默认的文件系统实现了一个默认的scheme和authority;slash-relative名称(例如:/for/bar) 将解析成相对于默认FS的路径
同理,用户可以拥有自己的working-directory-relative名称(不是以slash开头的)。
因此,Hadoop路径的可以是以下几种:
完全合法的URI scheme://authority/path
slash relative names /path 相对于默认的文件系统
wd-relative names path 相对于工作目录
private FileContext(final AbstractFileSystem defFs,
final FsPermission theUmask, final Configuration aConf) {
defaultFS = defFs;
umask = FsPermission.getUMask(aConf);
conf = aConf;
try {
ugi = UserGroupInformation.getCurrentUser();
} catch (IOException e) {
LOG.error("Exception in getCurrentUser: ",e);
throw new RuntimeException("Failed to get the current user " +
"while creating a FileContext", e);
}
/*
* Init the wd.
* WorkingDir is implemented at the FileContext layer
* NOT at the AbstractFileSystem layer.
* If the DefaultFS, such as localFilesystem has a notion of
* builtin WD, we use that as the initial WD.
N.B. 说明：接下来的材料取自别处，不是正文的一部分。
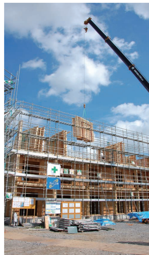
大量のパネルは、生産能力が国内最大級の工場をもつ資材会社が製作に当たった。8棟の寮建設に協力した建設会社は4社。各社の総力が結集され、6カ月という短工期を実現した。

寮は看護師の勤務体制が3交代のため、遮音対策として、界壁はグラスウールと石膏ボードの二重張りに、上下階(界床)は吊天構造で吸音効果を高める仕様とし、生活音の低減もはかっている。また、ツーバイフォー工法の耐久性も評価されたことから、長期に賃借する方式が受け入れられている。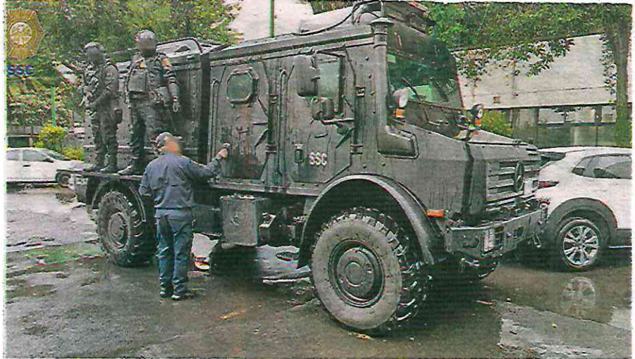
Intensa movilización por parte de elementos de la Secretaría de Seguridad Ciudadana (SSC) se dio en el barrio bravo

Por lo anterior, los hombres de 16, 18, 19, 21, 24, 39, 41 y la mujer de 34 años de edad, fueron detenidos, informados de sus derechos de ley y, junto con lo asegurado, fueron puestos a disposición del agente del Ministerio Público correspondiente, quien definirá su situación jurídica e integrará la carpeta de investigación del caso, para realizar las indagatorias subsecuentes.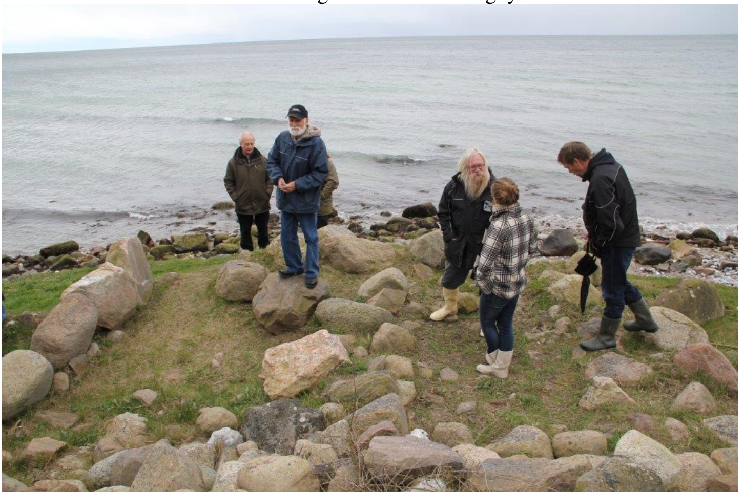
Den ligger helt ud til kysten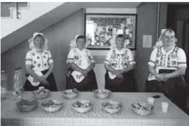
Fogadjuk a vendégainket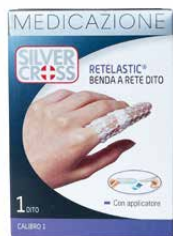
1 Benda a rete Dito calibro 1 €€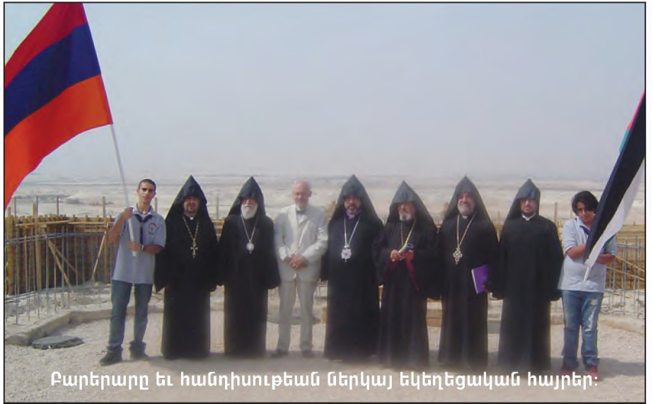
Բարերարը եւ հանդիսութեան ներկայ եկեղեցական հայրեր: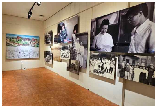
[좌] ‘메리놀병원’이 소멸된 장소의 거리전시 모습. 장소를 기록물, 장소가 위치한 주민들의 일상공간을 아카이브로 구조화하였다. 장소에는 이름, 설립일, 유형, 소재지, 개요 등의 메타데이터가 라벨링 되었고, 장소의 가치와 의미를 설명하는 주민의 인터뷰 글이 곁들여 졌다.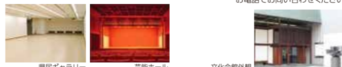
県民ギャラリー 芸能ホール 文化会館外観

県民ギャラリーのほか、芸能ホール、茶室などの施設を備え、各種展覧会、音楽、舞踊、茶会などの文化活動の場として広くご利用いただけます。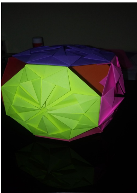
Figura 1 – Modelo Estrela Kusudama

Após lançada a ideia da construção do origami Estrela Kusudama, ouvimos muitos questionamentos por parte dos professores participantes, como por exemplo, “Não conseguirei fazer”, ou ainda, “Mas isso é muito difícil”. Partindo da proposta de que o origami seria construído a partir de situações problemáticas, lançamos nossa primeira problemática para os professores, sendo ela: “Como vocês obtêm a partir de uma folha sulfite, que é retangular, um quadrado?”. Enquanto os professores realizavam a dobradura solicitada, entrevistamos questionando os mesmos sobre qual o tipo de dobradura que deveria ser realizada para obter um quadrado a partir de um retângulo. Como pode ser visto nas imagens a seguir: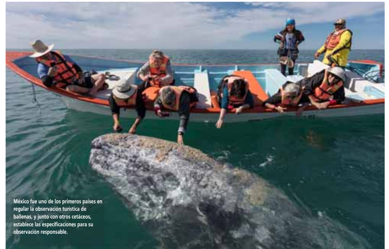
México fue uno de los primeros países en regular la observación turística de ballenas, y junto con otros cetáceos, establece las especificaciones para su observación responsable.

Pero la experiencia de avistar ballenas en el Banco de la Plata va más allá de la simple observación desde la cubierta de un barco. Uno de los mayores atractivos de viajar a este lugar es la emocionante oportunidad de hacer snorkel junto a estas majestuosas criaturas marinas. Sumergirse en las aguas turquesas y encontrarse cara a cara con las ballenas jorobadas en su hábitat natural es una experiencia que seguramente quedará grabada en la memoria de cualquier visitante.

* Otherwise the WD is initialized to the home directory.
*/
workingDir = defaultFS.getInitialWorkingDirectory();
if (workingDir == null) {
workingDir = defaultFS.getHomeDirectory();
}
resolveSymlinks = conf.getBoolean(
CommonConfigurationKeys.FS_CLIENT_RESOLVE_REMOTE_SYMLINKS_KEY,
CommonConfigurationKeys.FS_CLIENT_RESOLVE_REMOTE_SYMLINKS_DEFAULT);
util = new Util(); // for the inner class
}
FileContext传进来三个参数,
- defFs FileContext默认的FS
- theUmask 貌似没有使用到,历史遗留问题吗?他的umask使用FsPermission.getUMask(conf)初始化了
- conf 配置信息
下面来看它说的几个常用的方法,首先是create,隐藏的是一堆的注释
/**
* Create or overwrite file on indicated path and returns an output stream for
* writing into the file.
*
* @param f the file name to open
* @param createFlag gives the semantics of create; see {@link CreateFlag}
* @param opts file creation options; see {@link Options.CreateOpts}.
* <ul>
* <li>Progress - to report progress on the operation - default null
* <li>Permission - umask is applied against permisssion: default is
* FsPermissions:getDefault()
*
* <li>CreateParent - create missing parent path; default is to not
* to create parents
* <li>The defaults for the following are SS defaults of the file
* server implementing the target path. Not all parameters make sense
* for all kinds of file system - eg. localFS ignores Blocksize,
* replication, checksum
* <ul>
* <li>BufferSize - buffersize used in FSDataOutputStream
* <li>Blocksize - block size for file blocks
* <li>ReplicationFactor - replication for blocks
* <li>ChecksumParam - Checksum parameters. server default is used
* if not specified.
* </ul>
* </ul>
*
* @return {@link FSDataOutputStream} for created file
*
* @throws AccessControlException If access is denied
* @throws FileAlreadyExistsException If file <code>f</code> already exists
* @throws FileNotFoundException If parent of <code>f</code> does not exist
* and <code>createParent</code> is false
* @throws ParentNotDirectoryException If parent of <code>f</code> is not a
* directory.
* @throws UnsupportedFileSystemException If file system for <code>f</code> is
* not supported
* @throws IOException If an I/O error occurred
*
* Exceptions applicable to file systems accessed over RPC:
* @throws RpcClientException If an exception occurred in the RPC client
* @throws RpcServerException If an exception occurred in the RPC server
* @throws UnexpectedServerException If server implementation throws
* undeclared exception to RPC server
*
* RuntimeExceptions:
* @throws InvalidPathException If path <code>f</code> is not valid
*/
public FSDataOutputStream create(final Path f,
final EnumSet<CreateFlag> createFlag, Options.CreateOpts... opts)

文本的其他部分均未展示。